Best answer: If other solutions do not work for you, a tall doorway in my house has a standard size storm door, accomplished by adding a header board over just the storm door.
posted by metasarah at 11:17 AM on August 22, 2022


We need it for ventilation with insect exclusion so plastic with holes drilled in won’t work.

It's meant to be an addition to the existing insect-stopping screen, or you could put insect mesh right against the rear of the plexiglass, essentially clamped between the door frame and the plexiglass.
posted by Stoneshop at 11:23 AM on August 22, 2022 [1 favorite]


Shadecloth is very tough stuff and should be about as good as ordinary mosquito mesh at keeping mosquitoes out.

It could be stretched and fixed across a door frame using the same method I used to put it up on my pergola: take apart a timber garden trellis to get a bunch of thin wooden strips, staple an edge of the cloth to a strip, then roll it around the strip twice so that there are two thicknesses of shadecloth on both sides.

You'd need to cut corner notches out of the shadecloth patch before rolling the strips onto it, so that the strips make a plain rectangle with no bunched-up corners once they're all rolled on.

Screw the strips to the face of the doorframe with thin bugle headed plasterboard screws, one screw every four inches or so, going straight through the strip and all the shadecloth layers wrapped around it.

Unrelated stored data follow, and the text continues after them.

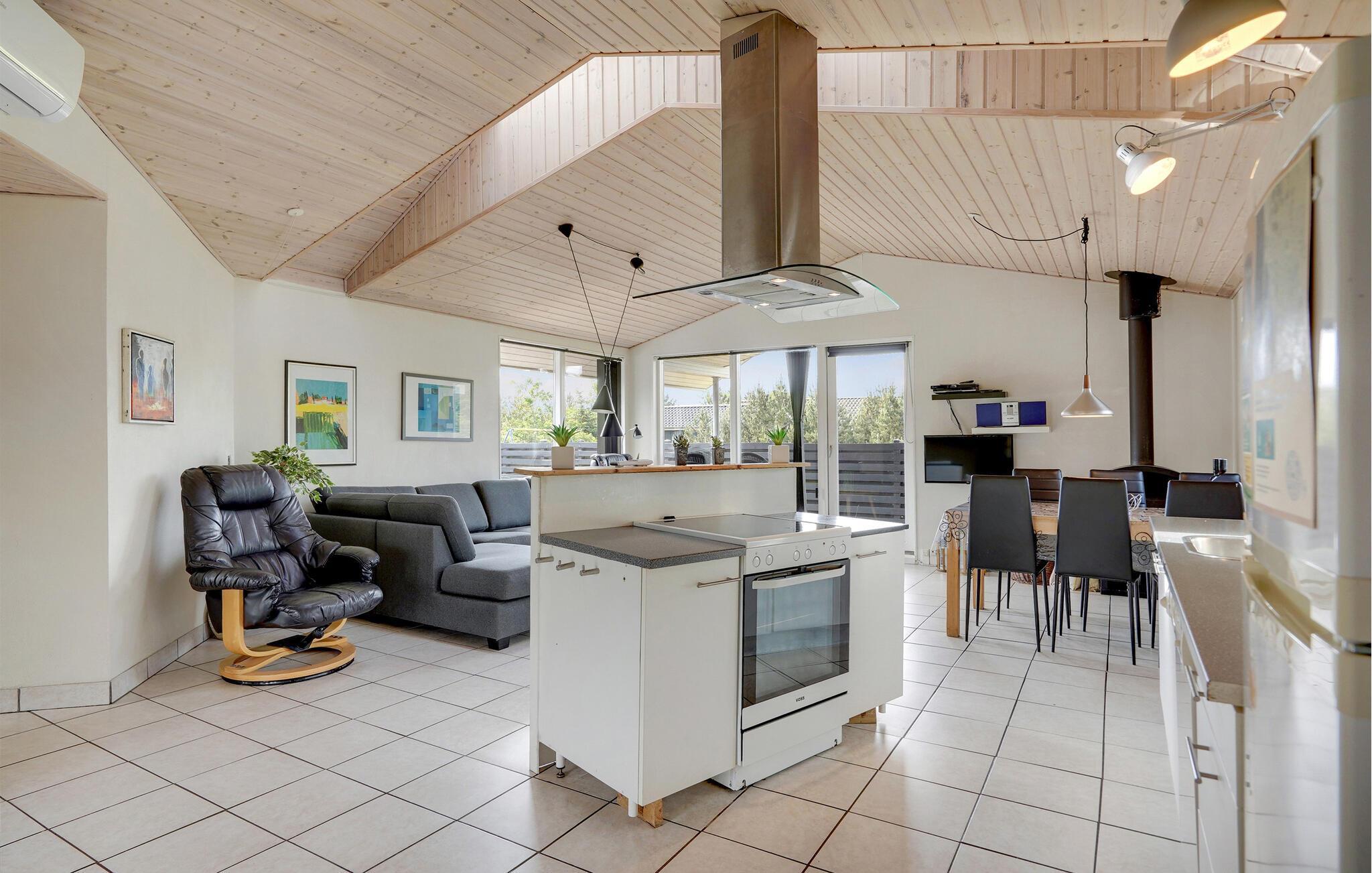 In grüner Umgebung erwartet Sie dieses charmante Ferienhaus, das mit einer wohnlichen Einrichtung und angenehme Wohlfühlatmosphäre überzeugt. Die offene Küche mit Essbereich ist der perfekte Ort für gemeinsames Kochen und gemütliche Mahlzeiten. Der Holzofen im Wohnzimmer sorgt für wohlige Wärme bei Filmabenden mit der Familie. Ein Highlight ist das Badezimmer mit Whirlpool und Sauna, das für Entspannung sorgt.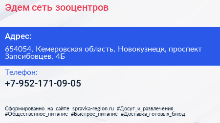 Эдем, сеть зооцентров по адресу 654054, Кемеровская область, Новокузнецк, проспект Запсибовцев, 4Б в дальнейшем Организация, размещена в следующих категориях: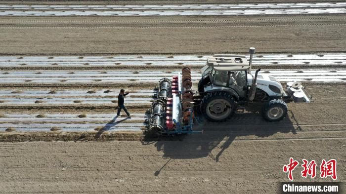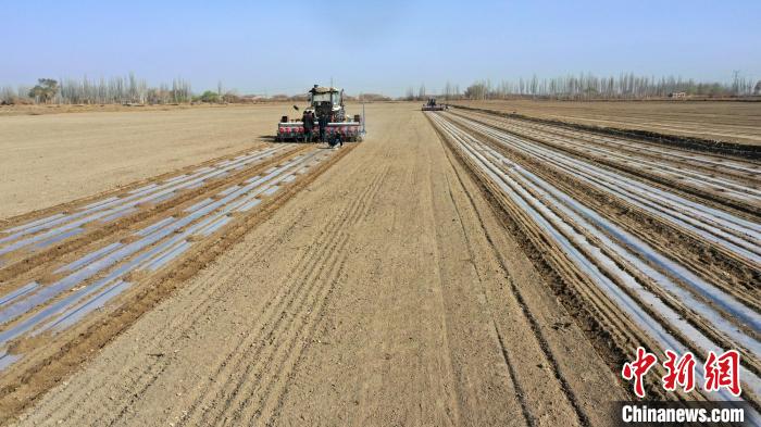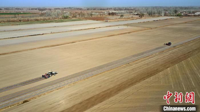 在沙雅县海楼镇博孜墩村的一处高标准农田里,两台大马力拖拉机牵引的播种机正来回穿梭,借助北斗导航系统,实现了无人驾驶进行棉花播种作业,可一次性完成铺膜、铺滴灌带、播种、覆土等作业,且播行端直、耕作精准,作业率高,也方便棉花成熟后机械化采收。

On the door in the Home Depot image, the shadecloth fixing strips could go right next to the outside of the existing moulding, and the shadecloth would come out from under a fixing strip and stretch up and over the mouldings to the other side.

If you completely screw down a strip on one side of the gap, then pull the cloth taut using the strip on the opposite side as a handle while you fix that down, and you get the screws evenly spaced and more or less in line, this can be done very tidily. And because all the tension on the shadecloth is resisted by the whole edge of a rigid and thoroughly screwed-down strip, and not just by the places where the screws pierce the cloth, this assembly would be difficult for an angry adult to tear off the door without tools let alone a six year old.
posted by flabdablet at 11:32 AM on August 22, 2022


Response by poster: The door is made of fairly thin metal and there’s a limit to how much screwing can be done to it. So I can see how the screen door grille would work - four screws - but adding a new shade cloth screen would require more screws and would likely end poorly for the structural integrity of the storm door.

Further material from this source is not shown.